Thursday, May 27, 2010


So this morning I woke up at 530am and went to stand up and I felt insane tightness in my calves.  Way more than I felt in them yesterday.  During my strength training routine at around 5pm they just felt a little sore which is understandable after the TT where I really had to reach back for whatever was left in the tank.  During the calf excercises I did yesterday they felt fine and I know I was keeping a close eye on my legs during that part of the workout as I knew they were a little sore.

This morning my left calf feels like a rock its so stiff.  Even walking is cumbersome.  My right one is a little sore but otherwise ok.  So after walking around my appartment for five minutes trying to loosen them up a bit I decided I was going to have to bag the run today or risk further injury.

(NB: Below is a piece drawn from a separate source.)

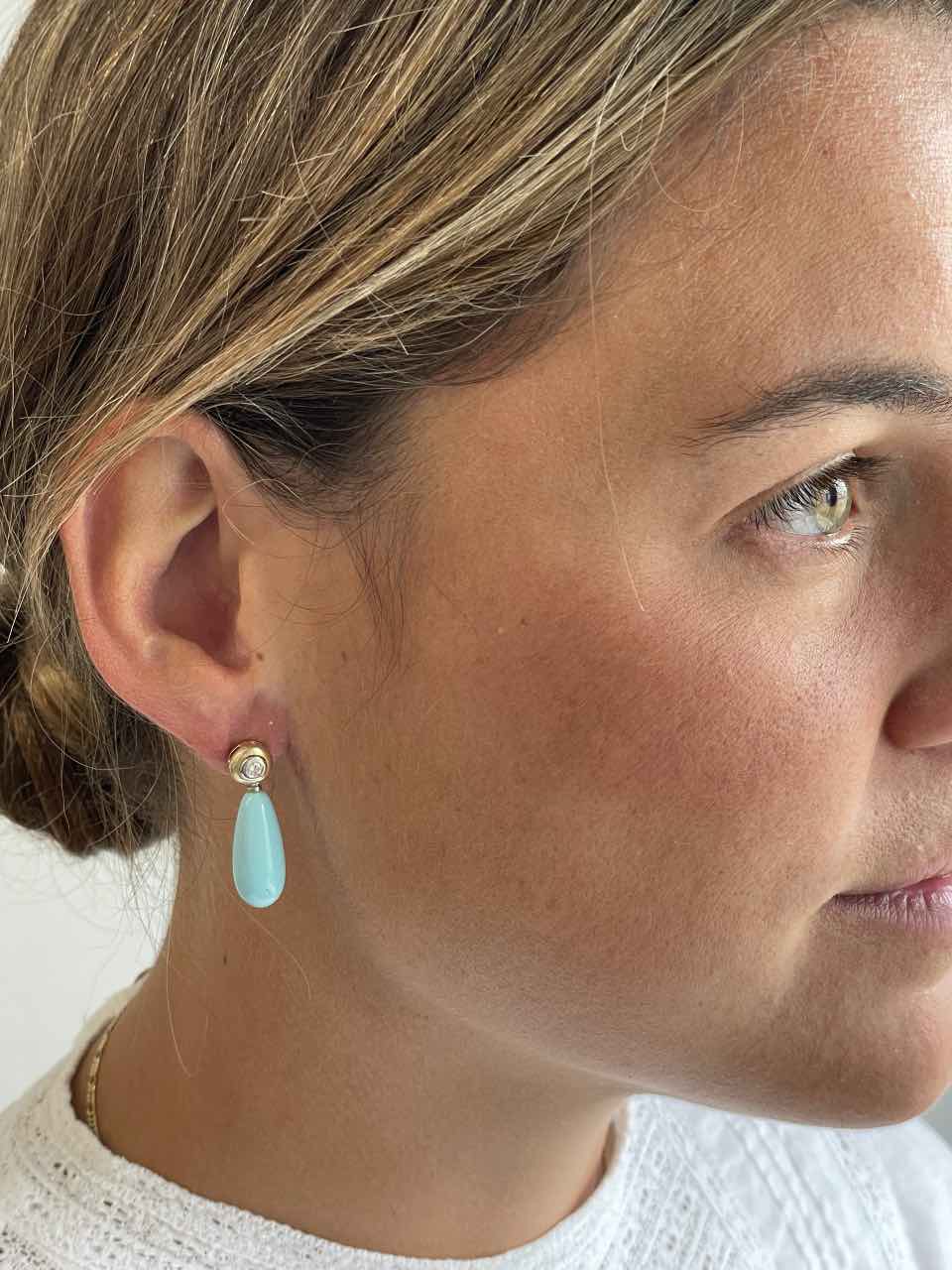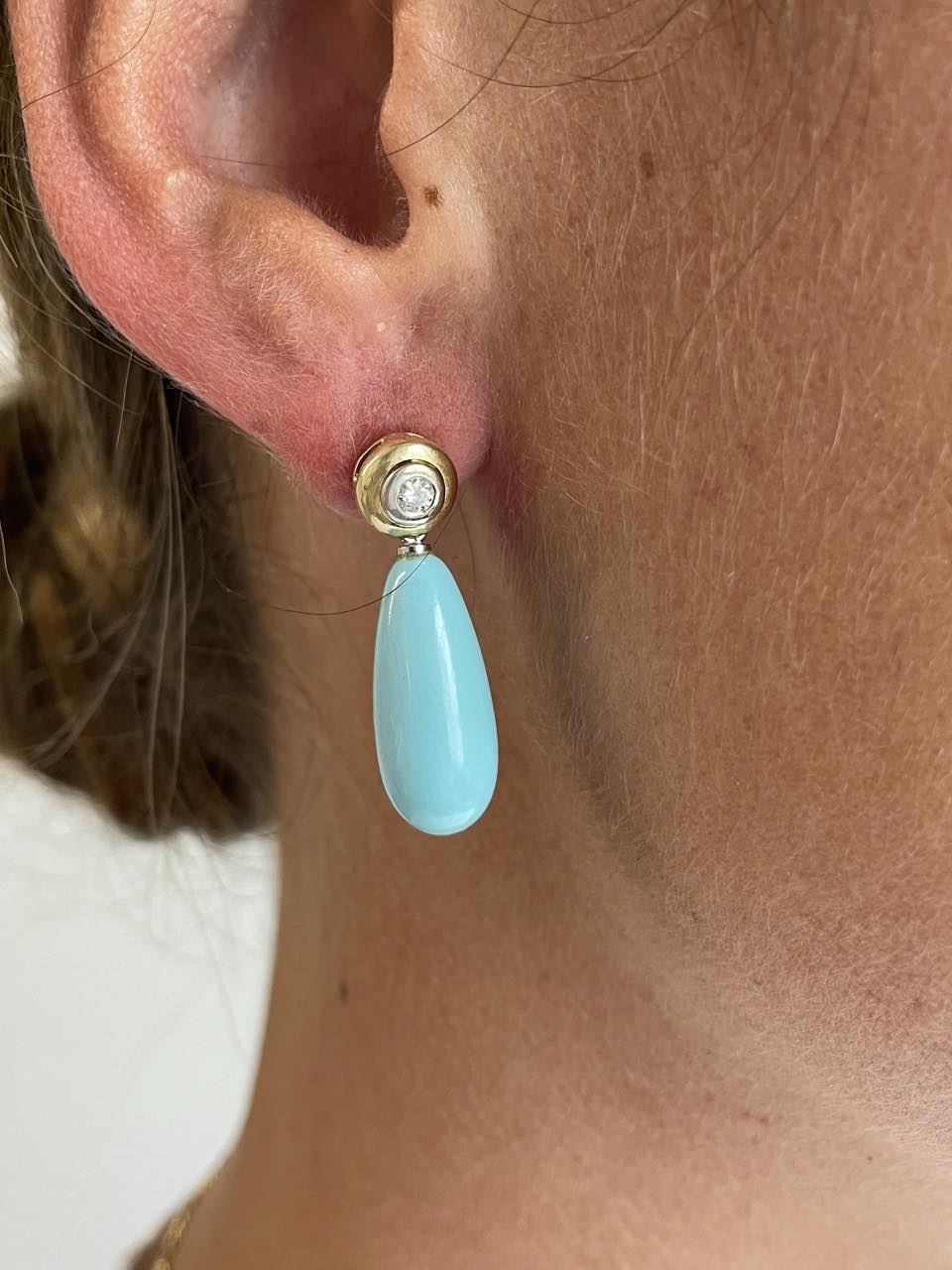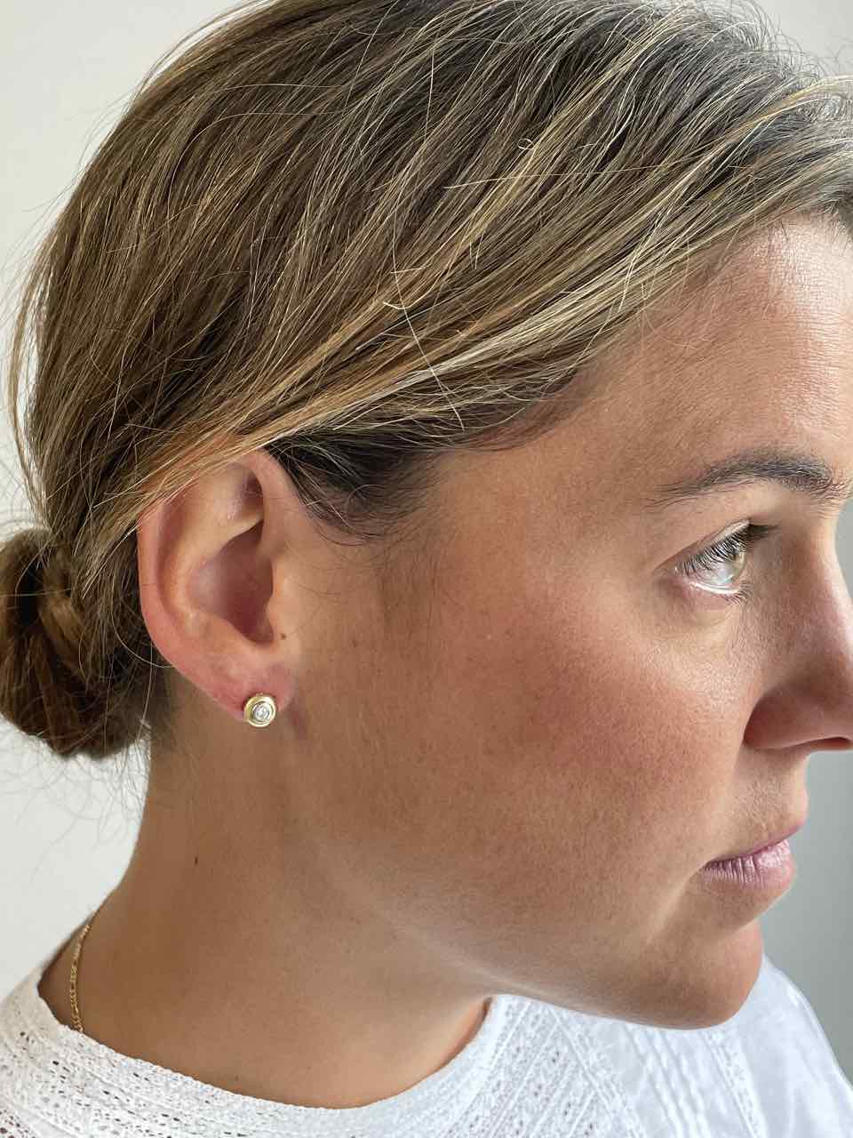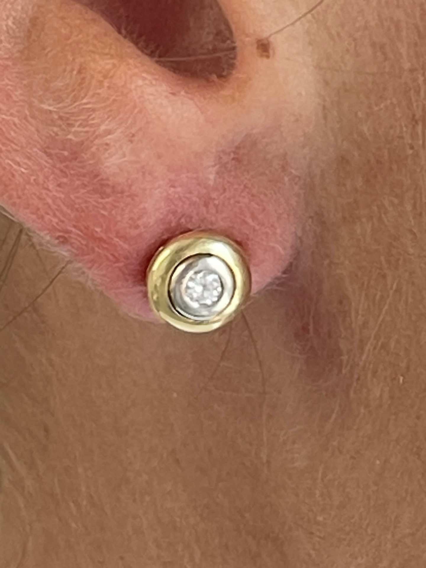 HORNA are bezel-set earrings with brilliant -cut diamonds , crafted in 18k yellow and white gold. They feature detachable systems for attaching accessories.
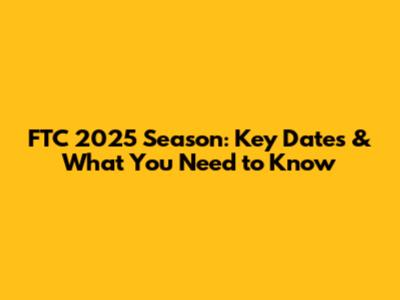 FTC 2025 Season: Key Dates & What You Need To Know

I did however still get my swim session in with my coach and then followed that with 30 minutes of drills.  I love that when my legs are hurting the pool is still an option and most times it actually helps loosen me up.  The good news is I forgot all about my calf when I was in the pool until I had to walk back into the lockerroom.  The bad news is that my calf is still really tight so its unlikely I'll be able to get the run in later this afternoon which was a thought as well.  Some other good news is that despite all my hamstring woes with running my hammy's feel great.  In fact better than they have in a long time.  I'd say 100%.  And for the first time in years its my left leg hurting instead of my right which has traditionally been the weaker of the two!  So all that strength training is paying off!

So...   going forwards I need to keep resting and icing that calf until it loosens up a bit.  I'll try a little massage later maybe but right now its insanely tender and hurts to the touch.

Tomorrow I have an optional swim and a strength training workout.  So I think my plan will be to see how it feels.  If it hurts I'll do just the swim.  If it feels a tiny bit better I'll do the swim and most of the strength training workout but I'll skip some of the leg excercises.  And if it really hurts I'll just swim.

I really hope it loosens up before the weekend though as I have a pretty intense workout scheduled for Sunday and I had hoped to run 8 miles on Saturday.  So we'll see.

I need to really start reading more about training plans.  I've been going at this a little too hard I think and I think I can ease up some.  I wonder whether I need to do more than one bike/run brick a week?  And how many miles and days I should be on the bike?  I'm thinking two bike workouts (one short with intervals, one long), two runs (one short + fast, one long), one bike/run brick (ideally on the TT course), three swim workouts, and two strength training sessions a week.  Now I just need to put that into a schedule and I need to figure out how to make my workouts more flexible so when I want to train with a friend I can do that, but instead of adding an additional workout to my schedule I'm adapting my schedule to fit that session in.  It was awesome to ride on Sunday/Monday/Tuesday, but it hurt my calves and my TT results.  So I need to instead say no to one of those workouts despite how much I'd rather do them all.  So I need to get better at finding that balance of workout goals, social goals, still having fun, and balancing everything else in around it too.

In other news...   its a Tri-Xmas here today!  Lots of new toys and outfits showing up from UPS and Fedex.  Including a new Livestrong Giro helmet to complete my Livestrong bike outfit ( I'm a huge Livestrong fan and I've always run any of my races in Livestrong gear.  Speaking of which I can't seem to find a Livestrong Tri Suit) So yeah...  I got a new helmet, a new Cannondale Red bike outfit, Some new Tri Suits and tops from, and a new fancy schmancy scale!  The scale will actually live on my wireless network at home and it will automatically update my training log files with my daily weight and body fat percentage!  Which is awesome.  I'm psyched to get that thing up and running.